* Source material *
※ ※ ※
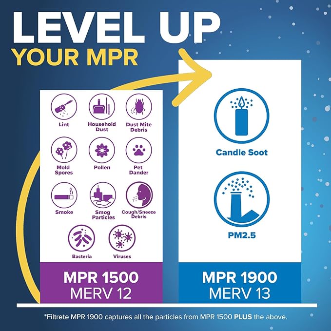 - COUNTLESS MICROPARTICLES: With a 1500 MPR and MERV 12 rating, as well as a 54% small particle capture rate (1), your Filtrete Filter will help capture many microparticles from the air passing through it
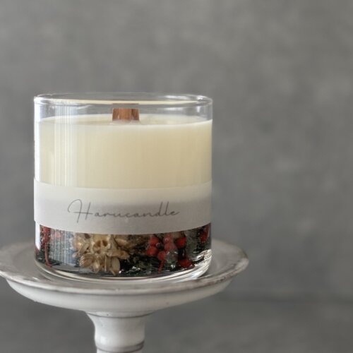 グラスに敷き詰めたクリスマスの花材をジェルで固めたら、お好きな天然のアロマオイルで香りを付けたソイワックスを流し込みます。
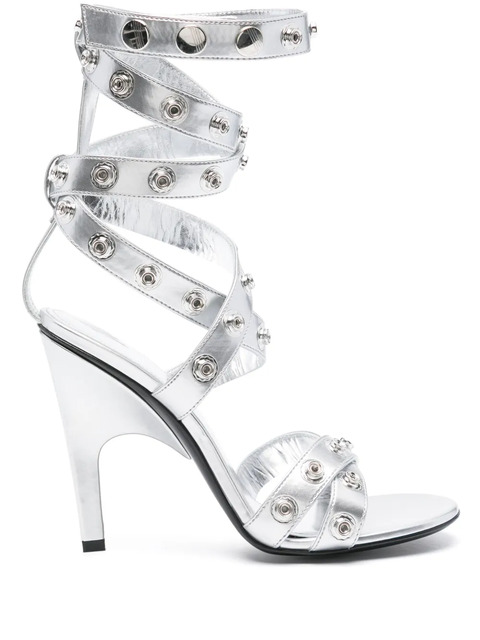 silver-tone faux leather metallic effect decorative button detailing tonal hardware round open toe branded leather insole crossover strap detail high sculpted heel leather outsole press-stud fastening This piece comes complete with a protective dust bag.
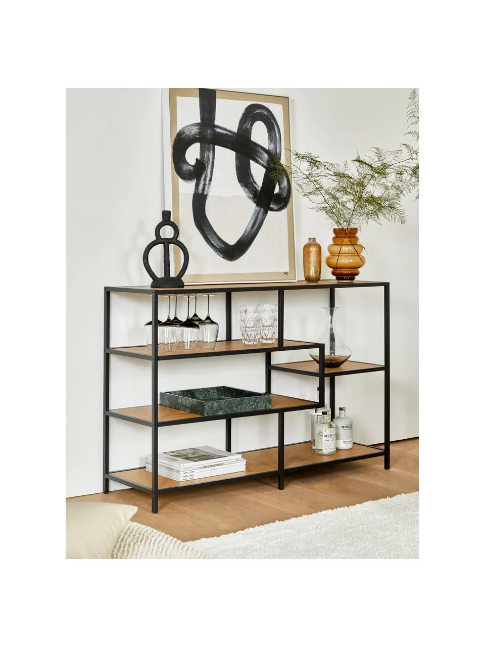 De Berlin à New York : quel est le point commun des créatifs du monde entier ? Ils aiment le look industriel ! Les étagères, tables basses, tables d’appoint et bien d’autres articles de la série Seaford sont idéaux pour cela. avec leur design épuré et leur élégant placage en bois, elles donnent un caractère de loft urbain à votre intérieur. Également bien : elles font disparaître le bric-à-brac derrière leurs portes ou exposent la décoration de manière intelligente
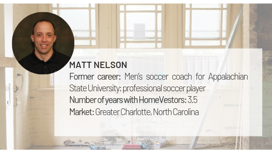 For Matt Nelson, making the transition from a career in playing and coaching soccer to an independently owned and operated HomeVestors® franchisee involved tapping into his recruiting and coaching skills to reinvent himself at a critical time. The former professional soccer player had only made money playing or coaching soccer when his wife suddenly became bedridden early in her pregnancy. Not only did college sports recruiting require significant travel, but Nelson found himself driving back and forth to the hospital up to four hours each day to care for his wife when he asked himself, “what will I do in my next stage of life?”
※ ※ ※
Say again, exactly, only those lines of the records that run from the start through the line with "silver-tone faux leather". Pictures are to be skipped.

* Your response *
 - COUNTLESS MICROPARTICLES: With a 1500 MPR and MERV 12 rating, as well as a 54% small particle capture rate (1), your Filtrete Filter will help capture many microparticles from the air passing through it
 グラスに敷き詰めたクリスマスの花材をジェルで固めたら、お好きな天然のアロマオイルで香りを付けたソイワックスを流し込みます。
 silver-tone faux leather metallic effect decorative button detailing tonal hardware round open toe branded leather insole crossover strap detail high sculpted heel leather outsole press-stud fastening This piece comes complete with a protective dust bag.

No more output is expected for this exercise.